In the course of one week, the West Jordan Republican has managed to become the craggy face of homophobia and racism in Utah. Never one to pause before he speaks, Buttars tried to one-up another senator's joke Tuesday on the Senate floor. "This baby is black. It's a dark, ugly thing," he said.
And Utah let out a collective gasp.
Suddenly a legislator who for years has wallowed in his disgust for gay Utahns - and Planned Parenthood and high school science teachers for that matter - had gone too far. Passing out a flier with graphic descriptions of gay sex on the Senate floor didn't raise an eyebrow a few years ago. But his attempt to bask in another lawmaker's lame joke was too much.
Of course, Buttars' Republican colleagues in the Senate didn't catch it at first. It took Salt Lake City Democratic Sen. Ross Romero to point out that the West Jordan Republican might have said something racist. Senate President John Valentine insisted Buttars apologize. So he did, with a classic deflection: "I apologize to anyone who took offense."
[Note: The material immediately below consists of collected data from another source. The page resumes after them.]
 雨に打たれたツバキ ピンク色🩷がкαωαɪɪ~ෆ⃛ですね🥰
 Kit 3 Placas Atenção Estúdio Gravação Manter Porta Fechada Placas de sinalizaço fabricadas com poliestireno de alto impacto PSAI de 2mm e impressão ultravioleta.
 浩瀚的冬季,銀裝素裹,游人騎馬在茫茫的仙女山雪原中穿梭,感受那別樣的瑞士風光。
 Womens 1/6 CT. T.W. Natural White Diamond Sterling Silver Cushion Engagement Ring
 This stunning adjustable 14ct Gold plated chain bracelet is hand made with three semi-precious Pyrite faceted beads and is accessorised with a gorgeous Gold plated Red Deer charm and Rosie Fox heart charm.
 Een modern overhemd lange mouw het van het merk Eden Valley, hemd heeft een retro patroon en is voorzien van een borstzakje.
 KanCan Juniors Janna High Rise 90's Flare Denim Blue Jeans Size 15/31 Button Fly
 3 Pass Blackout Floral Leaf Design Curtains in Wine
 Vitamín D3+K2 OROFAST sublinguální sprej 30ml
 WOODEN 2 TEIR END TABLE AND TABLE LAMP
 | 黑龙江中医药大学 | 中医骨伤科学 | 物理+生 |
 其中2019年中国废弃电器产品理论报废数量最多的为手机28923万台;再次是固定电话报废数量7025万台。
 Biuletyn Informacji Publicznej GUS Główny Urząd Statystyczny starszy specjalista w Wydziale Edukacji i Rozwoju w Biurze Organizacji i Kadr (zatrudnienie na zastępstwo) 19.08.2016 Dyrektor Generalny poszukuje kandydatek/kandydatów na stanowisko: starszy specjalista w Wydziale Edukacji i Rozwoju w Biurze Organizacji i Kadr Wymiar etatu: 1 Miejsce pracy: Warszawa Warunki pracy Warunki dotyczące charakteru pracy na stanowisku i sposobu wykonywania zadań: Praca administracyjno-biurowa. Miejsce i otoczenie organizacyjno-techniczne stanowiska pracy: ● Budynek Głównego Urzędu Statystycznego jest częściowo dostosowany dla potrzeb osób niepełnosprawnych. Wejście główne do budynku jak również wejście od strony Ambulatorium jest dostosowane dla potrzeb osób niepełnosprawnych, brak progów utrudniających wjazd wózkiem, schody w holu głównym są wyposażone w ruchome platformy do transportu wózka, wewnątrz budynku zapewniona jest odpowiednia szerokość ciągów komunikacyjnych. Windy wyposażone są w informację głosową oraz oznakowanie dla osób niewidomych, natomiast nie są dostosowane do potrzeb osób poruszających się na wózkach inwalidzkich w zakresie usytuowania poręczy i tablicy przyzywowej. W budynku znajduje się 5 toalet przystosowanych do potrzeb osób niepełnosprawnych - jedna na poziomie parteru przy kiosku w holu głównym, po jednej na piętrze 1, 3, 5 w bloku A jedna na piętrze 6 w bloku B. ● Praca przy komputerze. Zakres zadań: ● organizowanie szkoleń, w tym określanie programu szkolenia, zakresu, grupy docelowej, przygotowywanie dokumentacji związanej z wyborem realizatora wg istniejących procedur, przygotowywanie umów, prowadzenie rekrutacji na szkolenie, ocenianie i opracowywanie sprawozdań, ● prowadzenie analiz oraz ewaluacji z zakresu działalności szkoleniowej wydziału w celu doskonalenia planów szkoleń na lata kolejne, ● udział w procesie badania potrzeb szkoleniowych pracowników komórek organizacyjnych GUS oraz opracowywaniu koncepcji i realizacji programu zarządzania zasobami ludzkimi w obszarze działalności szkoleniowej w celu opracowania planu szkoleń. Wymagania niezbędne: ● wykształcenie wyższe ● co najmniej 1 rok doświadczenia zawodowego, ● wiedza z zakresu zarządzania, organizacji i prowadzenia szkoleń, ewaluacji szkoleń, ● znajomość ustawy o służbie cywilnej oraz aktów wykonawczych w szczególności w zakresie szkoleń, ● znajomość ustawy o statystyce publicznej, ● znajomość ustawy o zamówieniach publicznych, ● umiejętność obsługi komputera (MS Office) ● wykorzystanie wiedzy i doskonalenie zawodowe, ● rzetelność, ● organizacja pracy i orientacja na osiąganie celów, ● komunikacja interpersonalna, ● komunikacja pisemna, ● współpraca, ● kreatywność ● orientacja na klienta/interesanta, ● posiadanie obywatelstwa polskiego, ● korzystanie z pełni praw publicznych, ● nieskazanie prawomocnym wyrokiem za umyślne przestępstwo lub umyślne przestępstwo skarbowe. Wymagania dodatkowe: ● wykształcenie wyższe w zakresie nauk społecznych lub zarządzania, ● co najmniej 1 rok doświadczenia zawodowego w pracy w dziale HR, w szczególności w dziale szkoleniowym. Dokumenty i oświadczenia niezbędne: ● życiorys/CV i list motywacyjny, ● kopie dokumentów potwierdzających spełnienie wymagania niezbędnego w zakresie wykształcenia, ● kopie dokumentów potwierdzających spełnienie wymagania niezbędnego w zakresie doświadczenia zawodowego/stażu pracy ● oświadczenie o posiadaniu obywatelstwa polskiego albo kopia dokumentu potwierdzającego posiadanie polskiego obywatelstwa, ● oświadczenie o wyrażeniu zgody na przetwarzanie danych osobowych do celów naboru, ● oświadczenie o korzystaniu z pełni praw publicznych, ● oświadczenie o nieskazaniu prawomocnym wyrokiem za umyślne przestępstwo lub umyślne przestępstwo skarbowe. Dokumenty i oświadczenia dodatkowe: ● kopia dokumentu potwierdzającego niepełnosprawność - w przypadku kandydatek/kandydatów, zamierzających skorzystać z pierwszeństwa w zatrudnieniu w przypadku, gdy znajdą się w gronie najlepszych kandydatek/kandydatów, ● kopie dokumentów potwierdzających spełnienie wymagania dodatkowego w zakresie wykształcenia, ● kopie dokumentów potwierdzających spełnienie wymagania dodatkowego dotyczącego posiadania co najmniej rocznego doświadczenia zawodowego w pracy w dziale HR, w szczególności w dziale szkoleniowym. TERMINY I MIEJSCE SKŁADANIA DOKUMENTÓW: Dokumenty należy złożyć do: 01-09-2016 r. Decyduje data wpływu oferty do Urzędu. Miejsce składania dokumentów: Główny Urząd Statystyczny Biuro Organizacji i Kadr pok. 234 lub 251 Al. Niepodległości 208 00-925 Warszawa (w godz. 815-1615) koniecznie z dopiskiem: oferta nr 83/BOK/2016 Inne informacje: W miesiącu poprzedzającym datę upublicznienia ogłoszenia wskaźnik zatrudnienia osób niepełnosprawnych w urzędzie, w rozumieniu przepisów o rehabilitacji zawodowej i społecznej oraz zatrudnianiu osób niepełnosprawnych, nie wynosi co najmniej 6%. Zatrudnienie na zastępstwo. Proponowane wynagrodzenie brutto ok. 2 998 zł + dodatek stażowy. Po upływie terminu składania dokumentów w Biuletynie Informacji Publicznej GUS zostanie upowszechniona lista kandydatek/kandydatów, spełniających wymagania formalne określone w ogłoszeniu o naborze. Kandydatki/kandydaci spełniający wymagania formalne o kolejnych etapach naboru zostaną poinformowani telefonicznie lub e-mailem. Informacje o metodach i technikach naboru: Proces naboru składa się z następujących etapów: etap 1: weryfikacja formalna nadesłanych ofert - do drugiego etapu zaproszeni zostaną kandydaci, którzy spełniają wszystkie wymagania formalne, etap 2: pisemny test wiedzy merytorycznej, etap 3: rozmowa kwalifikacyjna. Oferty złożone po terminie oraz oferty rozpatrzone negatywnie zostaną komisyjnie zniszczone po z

Buttars isn't the first Utah politician to trip up with a flip racial comment. U.S. Sen. Bob Bennett had to apologize 10 years ago after ruminating that the only thing that would stop then-Texas Gov. George W. Bush from becoming president was if a "black woman comes forward with an illegitimate child that he fathered." After arguing that black Americans, not gays, should be protected from discrimination because they have "no choice," Sen. Orrin Hatch apologized the same week - not to gays but to the NAACP.
But Buttars' history shows a long pattern of bad behavior.
This isn't his first bone-headed outburst. Two years ago, he told public radio station KCPW that the landmark desegregation case Brown v. Board of Education was "wrong to begin with." He called Sen. Scott McCoy "The Gay," when the Salt Lake City Democrat was appointed to the Legislature. One Salt Lake Tribune online poster calls him "Archie Buttars." He's more like former Alabama Gov. George Wallace - a festering relic of an uglier time.
His body of legislative work - directed every step along the way by Eagle Forum President Gayle Ruzicka - is equally damning. His most notable accomplishment is protecting Utah from gay marriage; he sponsored both a state law and a constitutional amendment. He was re-elected in 2004 on that record. Emboldened, he took on Gay-Straight Alliances in Utah high schools again and again. He signed on with evangelical evolution doubters in 2006 and sponsored a bill to require teaching "intelligent design" in high school science classes. His colleagues gave it a hearing before letting it die quietly.
This year, Buttars has carried on with his caricature of a statesman: sponsoring legislation to keep police misconduct files secret, nullify Salt Lake City's domestic-partnership registry and strip Planned Parenthood out of a bill meant to curb growing rates of chlamydia in Utah teens.
Two years ago, Buttars told The Salt Lake Tribune he didn't plan to run for a third term in 2008. Instead, he hopes to go on a mission for The Church of Jesus Christ of Latter-day Saints. After using campaign funds to fix his car, he still has $68,000 in political donations he can take with him when he leaves office.
In the meantime, his hand has been slapped.
This isn't the U.S. Congress and Buttars will not be treated like Strom Thurmond-loving Trent Lott. Conservative Utah legislators will not censure or expel one of their own - even if they should. Buttars provides cover: He sponsors the bills they are too squeamish to put their names on, but vote for in droves. And every so often, he says something that makes the rest of them look positively sophisticated.
Back in the middle of his district, I drive around aimlessly.
No one remembers voting for Chris Buttars.